Question

Consider the measurable partition of the open unit square $(0,1)\times(0,1)$ into horizontal intervals $L_y=(0,1)\times\{y\}$. Let $\mu$ be a Borel probability measure with the disintegration

$$ \mu(B) = \int_{(0,1)} \mu_y(B\cap L_y) dP(y)
$$

holding for all Borel sets $B\subset (0,1)\times(0,1)$. Here $\mu_y$ is the conditional probability measure on $L_y$ and $P$ is the factor probability measure on $(0,1)$. Let us assume that $\mu_y$ has a density $\rho_y$ on $L_y$ for each $y\in(0,1)$. (However, $P$ may well be singular. We can set $\mu_y=\text{Leb}$ as necessary to define a conditional probability for all $y$ without affecting the measure.)

Question 1: Is the function $\rho:(0,1)\times(0,1)\to\mathbb{R}:\rho(x,y)=\rho_y(x)$ Borel measurable?

Question 2: Is the function $f:(0,1)\to\mathbb{R}:f(y)=\inf_{x\in L_y}\rho_y(x)$ Borel measurable?

I would appreciate an answer even in the special case where each $\rho_y$ is assumed continuous.

Answer 1

(1) The answer to Question 1 is affirmative.

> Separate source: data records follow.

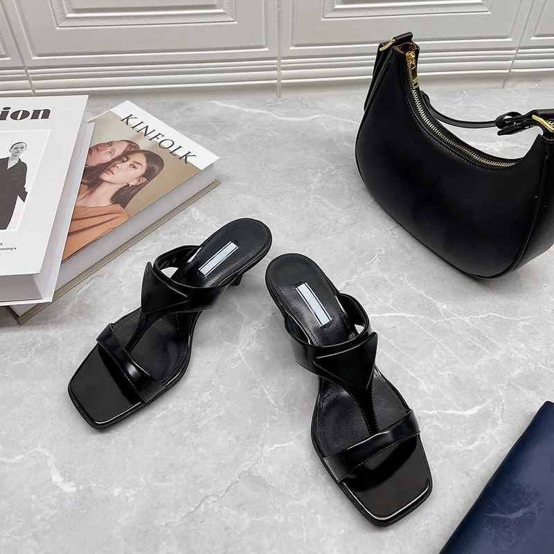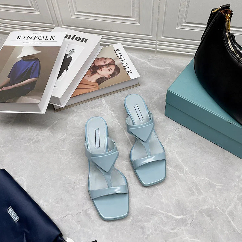 Special Offer Karree Frauen Sandalen Hohe-qualität Katze-auge High Heels Sommer Komfortable Rutschen Atmungsaktive Sexy Leder Hausschuhe Neue 2021 Discount (45%OFF) Today!
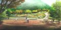 设计方案中将公园的景观结构归纳为:一山、一水、五园。
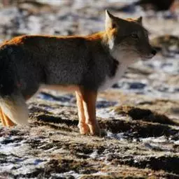 赤狐(学名:Vulpes vulpes):共有47个亚种。成兽体长62 - 72厘米,肩高40厘米,尾长20-40厘 ,体重5-7千克。毛色因季节和地区不同而有较大变异,一般背面棕灰或棕红色,腹部白色或黄白色,尾尖白色,耳背面黑色或黑褐色,四肢外侧黑色条纹延伸至足面。雄性略大。
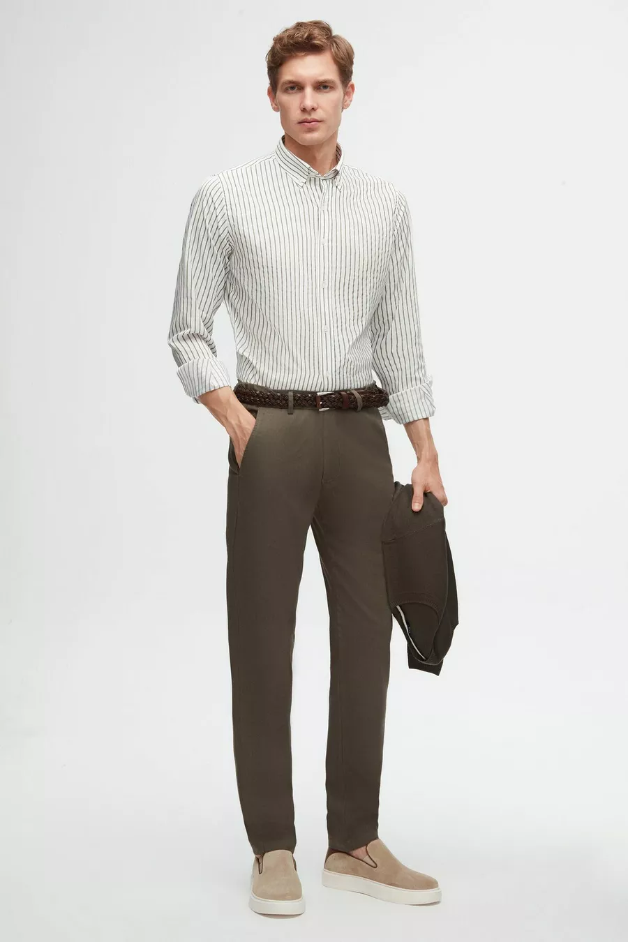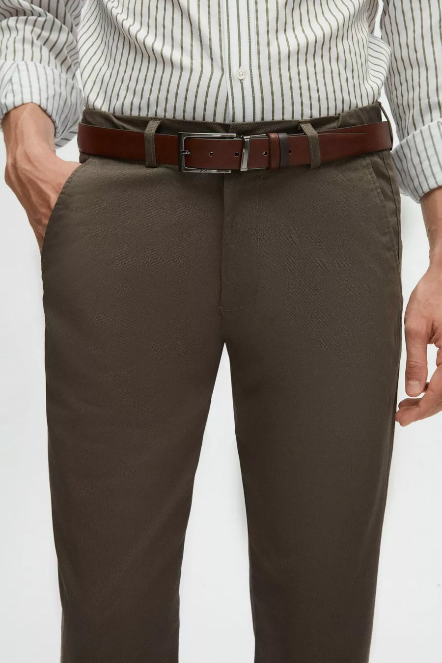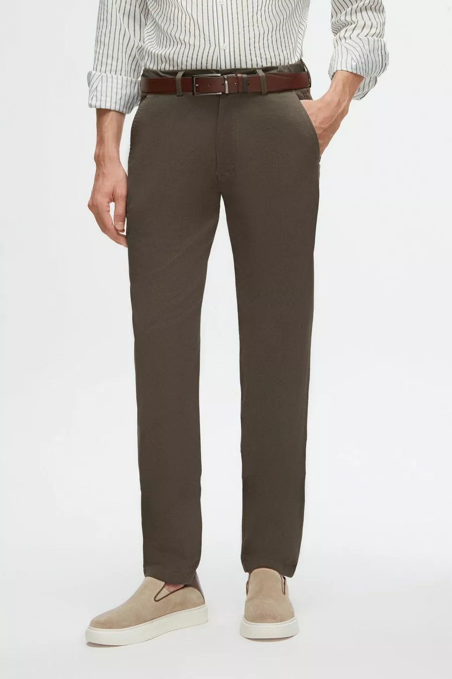 المادة: نسيج نوع القماش: منسوج نوع الساق: ساق مستقيمة الخصر: خصر عادي النمط: محاك اللون: زيتي الجيب: تشينو تفاصيل المنتج: مطاطي الحالة الباطنة: بدون بطانة الطول: طويل القصّة: ضيق البيئة: كاجوال/يومي القَصّة: ضيقة ميزة إضافية: مرن نوع الحياكة: حياكة عادية تقنية الطباعة/التطريز: بدون طباعة الحزام/حالة الخصر: مع حزام تفاصيل الاستدامة: لا مكون المادة: 97% قطن، 3% إيلاستان تعليمات الغسيل: النوع 2 الموسم: صيف المنشأ: تركيا حالة الصندوق: بدون صندوق
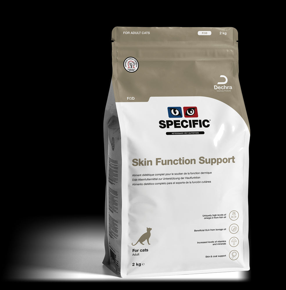 **Specific Feline Fod Skin Function Support 2000g** es un alimento seco premium, formulado para gatos adultos que necesitan apoyo especializado para su piel frente a alergias ambientales.
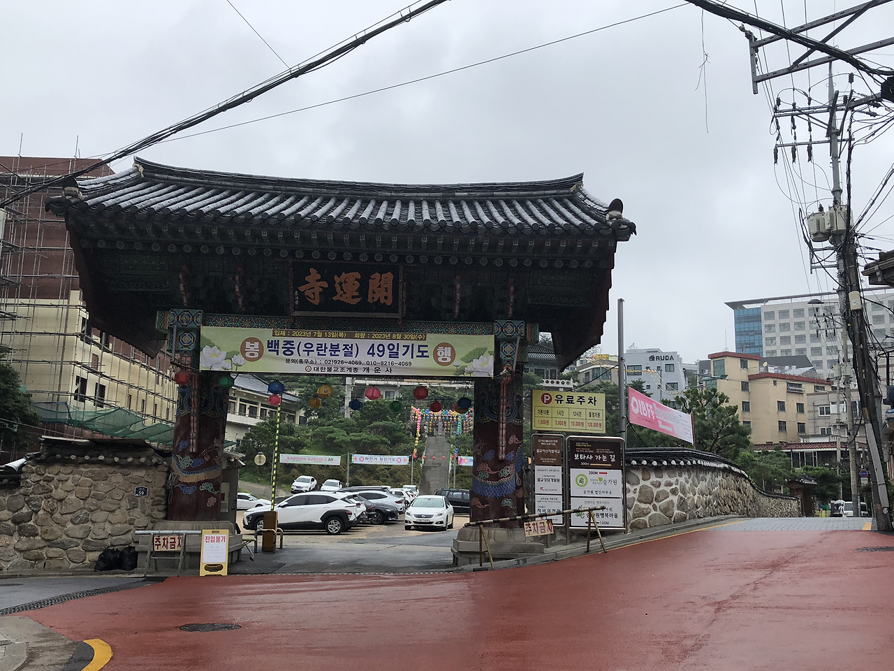 개운사를 지나 비 오는 길을 걸어갔다.
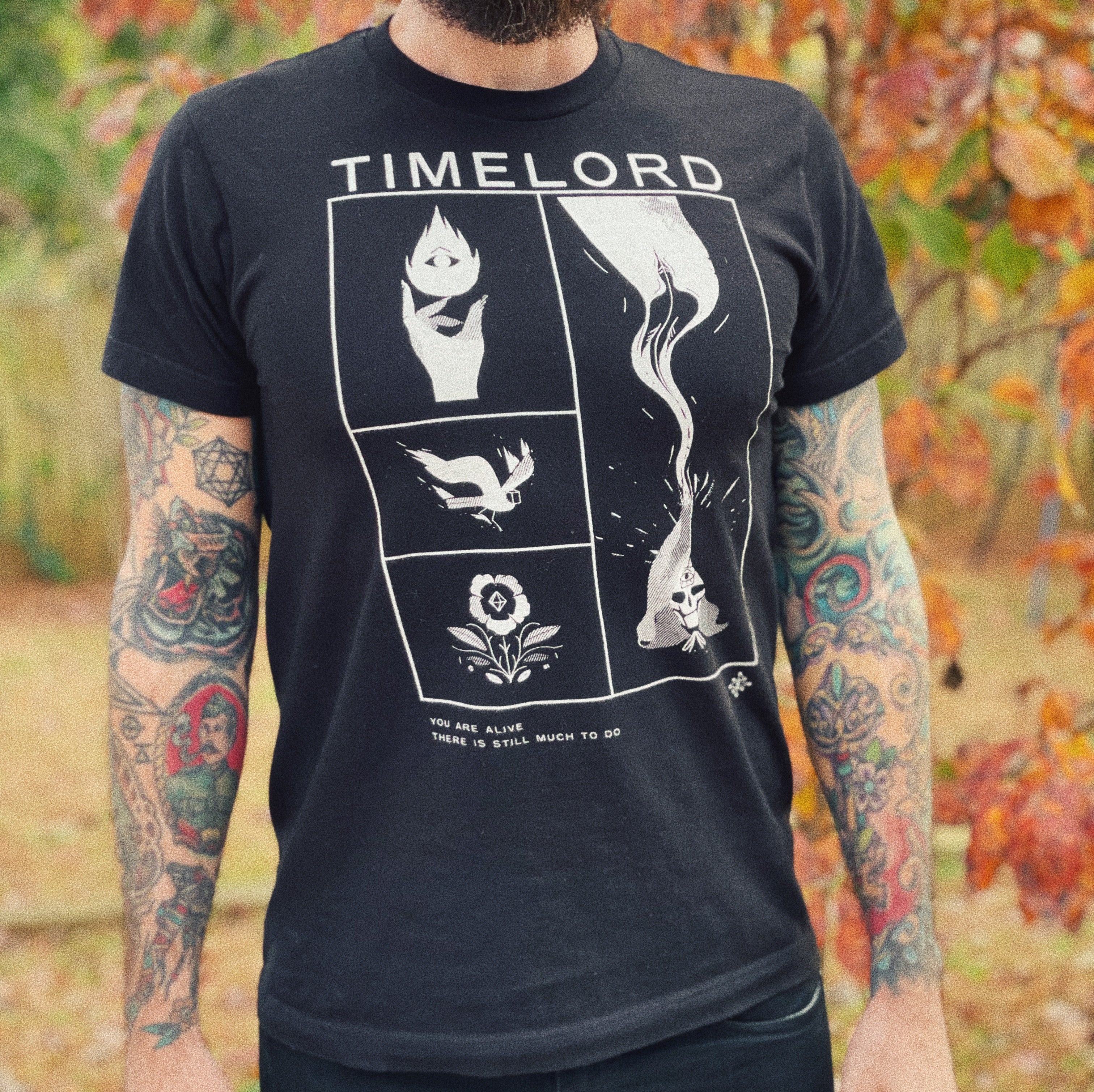 Adorn your corporeal form in the ultra-soft white on black imagery of the ancient ones and the might of the Timelord –created by Reece Parker. Seal the Timelord’s mark upon your denim jacket with an iron-on embroidered patch. Join the Sacred Order of the Battle Axe with the official black and gold enamel pin.

Indeed, let us define the auxiliary measure $m$ by $$ m(B) = \int_{(0,1)} \mathrm{Leb}_y(B\cap L_y) dP(y), $$ where $\mathrm{Leb}_y$ stands for the Lebesgue measure on the horizontal interval $L_y$. (In fact, $m$ is the product measure of the Lebesgue measure on $(0,1)$ and of $P$.) We show that $\mu$ is absolutely continuous with respect to $m$. So, let $B$ be such that $m(B)=0$. Then $\mathrm{Leb}_y(B\cap L_y)=0$ for $P$-almost-every $y\in(0,1)$. But we assumed that the conditional measure $\mu_y$ of $\mu$ is absolutely continuous with respect to $\mathrm{Leb}_y$. It follows that $\mu_y(B\cap L_y)=0$ for $P$-almost-every $y\in(0,1)$, or $\mu(B)=0$. This proves absolute continuity. Accordingly, there exists an integrable Borel measurable function $\rho:(0,1)\times(0,1)\to[0,\infty)$, for which $$ \int_B d\mu = \int_B\rho dm = \int_{(0,1)}\int_{L_y} (1_B\rho)(x,y)d\mathrm{Leb}_y(x)dP(y) $$ is true for any Borel set $B$. This implies that, for $P$-a.e. $y\in(0,1)$, the function $\rho(\cdot,y)$ is the density $\rho_y$ of $\mu_y$. $\square$

(2) Coming to Question 2, the answer is affirmative in the mentioned special case that each $\rho_y$ is continuous, because in that case $\inf_{x\in L_y}\rho_y(x) = \inf_{x\in (0,1)\cap\mathbb{Q}}\rho(x,y)$, where in the last expression we are taking the infimum of countably many Borel measurable functions of $y$.

In other words, Question 2 is still open in the general case. Can a Lusin-type argument ("every measurable function is nearly continous") work there?